Calvary
Hace muchos años un desquiciado alteró la tranquilidad veraniega que asolaba mi pueblo en los atardeceres húmedos y calurosos de mi infancia provocando un rumor popular inmediato que alborotó las tertulias callejeras: con una navaja de barbero intentó degollar al Párroco que estaba, como solía, tomando el fresco sentado cabe una mesa provista de refrigerios en buena compañía de algún feligrés: en ausencia de televisores, la conversación se prolongaba entre dimes y diretes y el orate aprovechó la oportunidad de satisfacer su locura: por suerte la abundante papada del cura le salvó la yugular y aquella noche quedó como una anécdota que marcó un verano.
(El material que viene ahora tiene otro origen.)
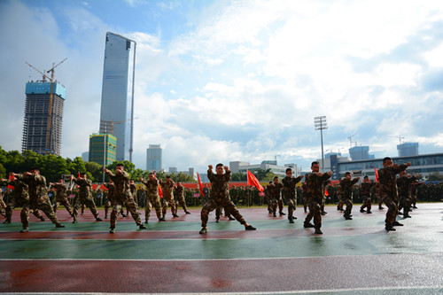 1月11日上午,冬风烈烈,寒雨微微,乐竞平台2015级新生军训开营仪式在元平田径场拉开序幕。我校第二次冬季军训开营,参与本次冬季军训的6437名新生将在校内展开为期十天的军事训练及国防教育。广东省武警边防总队六支队司令部副参谋长张翔,我校副校长、军训工作领导小组组长李凤亮到现场鼓舞、勉励参训新生。

Aquello ocurrió años antes que naciera John Michael McDonagh y estoy segurísimo que el director irlandés no tiene ni idea de lo que yo conocí de oídas pero mi recuerdo ha aflorado de improviso después de haber visto su segunda película, Calvary ,protagonizada como la primera, de la que ya hablamos aquí hace dos años, por Brendan Gleeson en una nueva oportunidad de mostrar que sus anchas espaldas pueden soportar el peso íntegro de una película.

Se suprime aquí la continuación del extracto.